Maybe you hate your airline’s service or its award availability, but you’re handcuffed to the program’s credit card. Keep the old card (so you don’t hurt your credit rating by closing the account), but give your points-earning business to a general frequent-flyer rewards credit card not wedded to a single airline. That plastic will help you pay for travel on any airline, so you can choose your true favorite. There are no blackout dates, so availability isn’t an issue. Among such cards are Capital One Venture, BankAmericard Travel Rewards, and Discover it Miles.

Never buy points

You can buy the additional miles you need from some airlines, but don’t. They cost about 3 cents per mile, clearly a losing proposition. Instead, use the miles you do have to buy a one-way ticket covering half of your round trip, which all big five airlines now allow.

Award rules are not on your side

Where consumer rights and protections are concerned, airlines hold all of the cards.


The Department of Transportation says it “does not have regulations” that directly govern frequent-flyer programs, except for the requirement that airlines disclose their own rules.


Those rules are universally one-sided:


American says “mileage credit does not entitle members to any vested rights.”


United says it has the right to change the terms and conditions, rules, or mileage levels at any time, with or without notice.
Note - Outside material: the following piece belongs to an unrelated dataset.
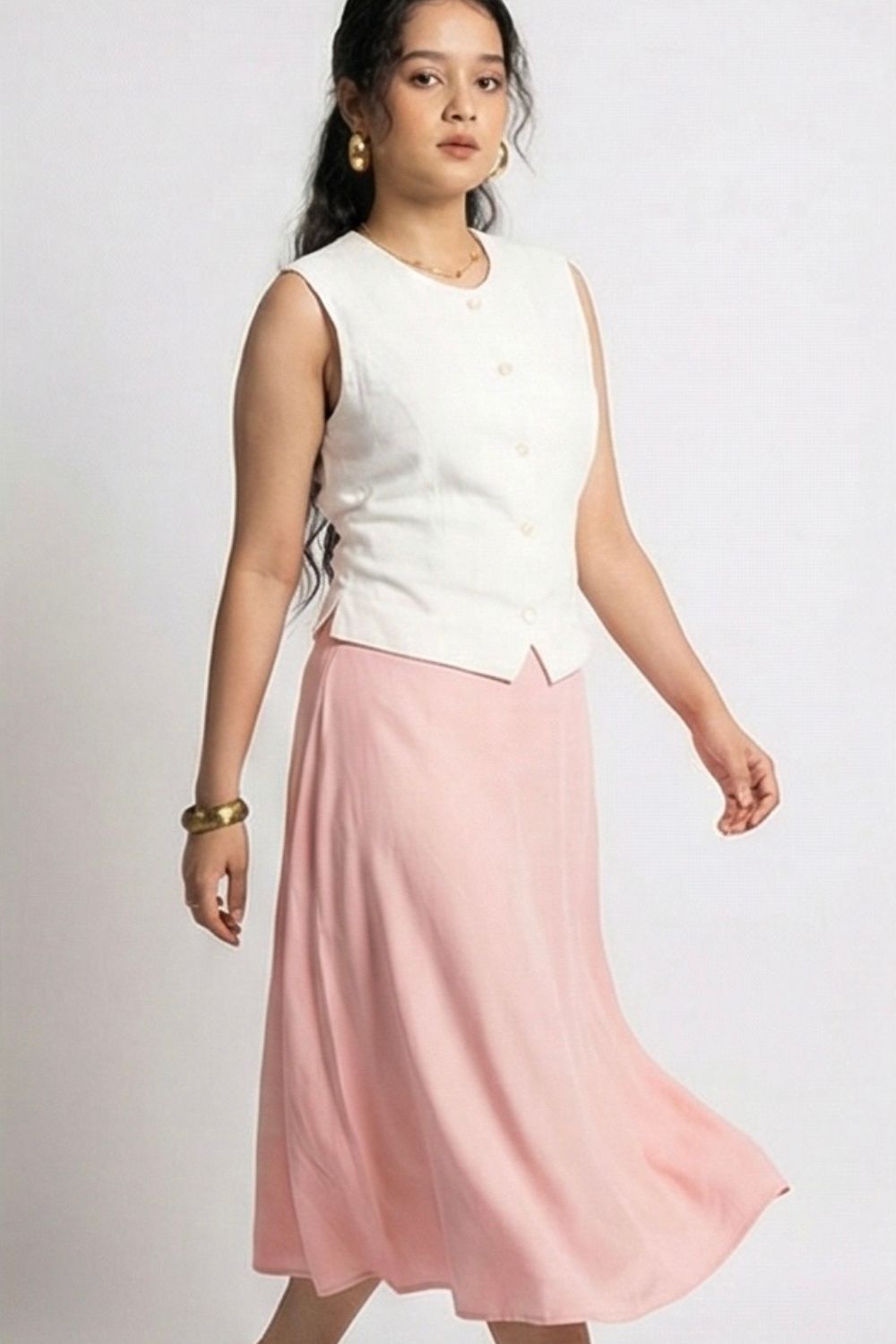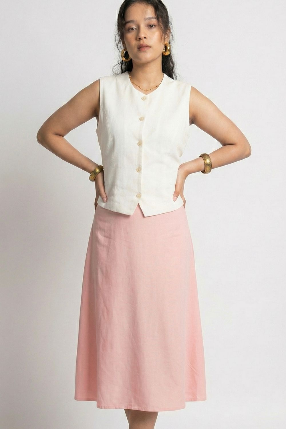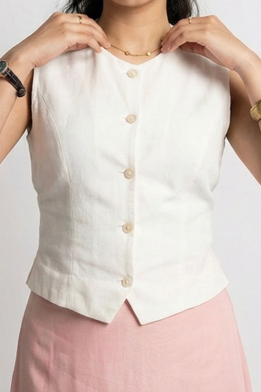 Light, refined, and effortlessly elegant, this ivory sleeveless vest is a timeless warm-weather staple. Crafted from breathable linen-blend fabric, it features a clean V-neckline and a classic button-front design that creates a softly tailored silhouette. The structured yet relaxed fit flatters the waist while maintaining all-day comfort. Perfect for pairing with skirts, trousers, or denim, this versatile vest transitions seamlessly from casual daytime styling to polished resort or vacation looks.

Delta “has the sole right to interpret and apply” its program’s rules.


Southwest Rapid Rewards members “do not acquire property rights in accrued points and awards.”


And JetBlue reserves the right to change or cancel its program rules at any time, “in its sole discretion, without notice to or liability to you.”


Dissatisfied? “You should complain directly to the company,” the DOT advises.


There’s one federal consumer protection you do have, however. Whether you buy a ticket with credit, cash, or miles, if the flight is canceled or significantly delayed, and the carrier doesn’t offer prompt rerouting at no additional charge, you’re entitled to a full refund of miles or points if you choose to cancel the trip.


Editor's Note:

This article also appeared in the June 2015 issue of Consumer Reports magazine.